Please see the diagram below for reference. enter image description here

Loui
  • 533
  • 17
  • 33
  • 1
    This is not possible. Amazon SQS only enables one consumer to read a message. Something like different consumer groups in Kafka is not available in SQS. If you want something like this, you should use SNS together with several SQS instances. – jAC Jul 13 '21 at 14:25
  • Does this answer your question? [Using Amazon SQS with multiple consumers](https://stackoverflow.com/questions/30296587/using-amazon-sqs-with-multiple-consumers) – jAC Jul 13 '21 at 14:31
  • ya, I read that Amazon SQS only enables one consumer to read a message, but how does messaging work with services that have multiple instances running? – Loui Jul 13 '21 at 14:33
  • 1
    If you have multiple instances of one application, it is ensured that at least one of those instances receives and handles the message but it is not guaranteed which instance it is. The question is, why do you need this? It seems to be that you're fixing an issue which is not really the fault of SQS. – jAC Jul 13 '21 at 14:57
  • no i am not fixing any issue, due to present limitation we have to get the message delivered to all the running instances. Therefore, i wanted to see the possibilities. – Loui Jul 13 '21 at 17:51
  • You appear to be confusing Amazon SNS (publish-subscribe) with Amazon SQS (push into queue, pull from queue). – John Rotenstein Jul 13 '21 at 22:59
  • @Loui So you're fixing another issue.
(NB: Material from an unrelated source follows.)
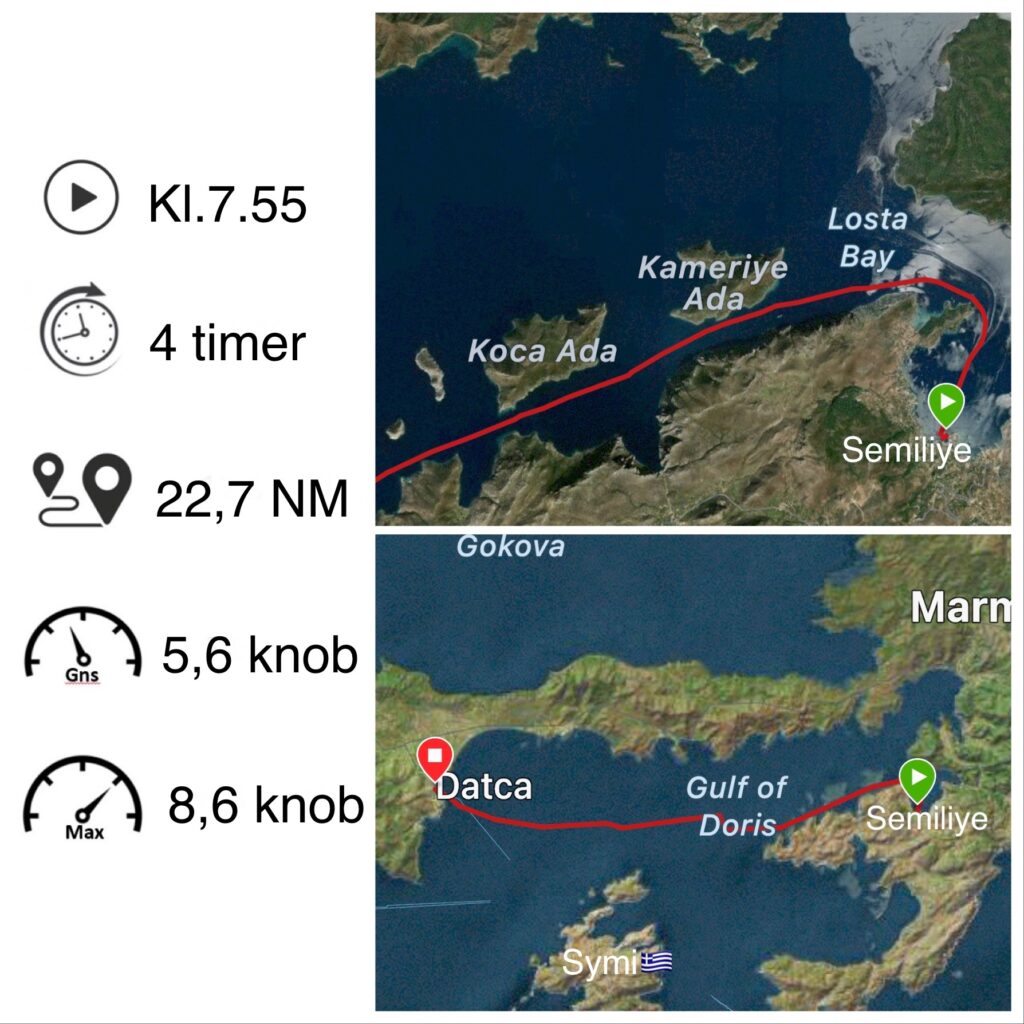 Det var en sejltur på ca. 22 sømil, og vi håbede på, at vi kunne sejle for sejl. Vinden skulle komme fra vest, så vores plan var at sejle forbi et par små øer Kameriye og Koca, og så stikke syd mod Datca for sejl. Vi startede stille og roligt for motor med at sejle inden om øerne, det var en smuk morgen og et smukt landskab.

The issue is that your using a scalable/microservice(?) architecture without considering things like statelessness. You should think about using a centralized cache or something similar to avoid such issues. This is not an issue about SNS/SQS but about your system design so you should try to fix that instead. – jAC Jul 14 '21 at 06:14

3 Answers3

2

While your message may appear to be read in a round robbin fashion, they are not actually consumed in a round robin. SQS works by making all messages available to any consumer (that has the appropriate IAM permissions) and hides the message as soon as one consumer fetches the message for a pre-configured amount of time that you can configure, effectively "locking" that message. The fact that all of your consumer seem to be operating in a round robin way is most likely coincidental.

As others have mentioned you could use SNS instead of SQS to fanout messages to multiple consumers at once, but that's not as simple a setup as it may sound. If your service B is load balanced, the HTTP endpoint subscriber will point to the Load Balancer's DNS name, and thus only one instance will get the message. Assuming your instances have a public IP, you could modify your app so that it self-registers as an HTTP subscriber to the topic when the application wakes up. The downsides here are that you're not only bypassing your Load Balancer, you're also losing the durability guarantees that come with SQS since an SNS topic will try to send the message X times, but will simply drop the message after that.

An alternative solution would be to change the message hiding timeout setting on the SQS queue to 0, that way the message is never locked and every consumer will be able to read it. That will also mean you'll need to modify your application to a) not process messages twice, as the same message will likely be read more than once by the time it has finished processing and b) handle failure gracefully when one of the instance deletes the message from the queue and other instances try to delete that message from the queue after that.

Alternatively, you might want to use some sort of service mesh, or service discovery mechanism so that instances can communicate between each other in a peer-to-peer fashion so that one instance can pull the message from the SQS queue and propagate it to the other instances of the service.

You could also use a distributed store like Redis or DynamoDB to persist the messages and their current status so that every instance can read them, but only one instance will ever insert a new row.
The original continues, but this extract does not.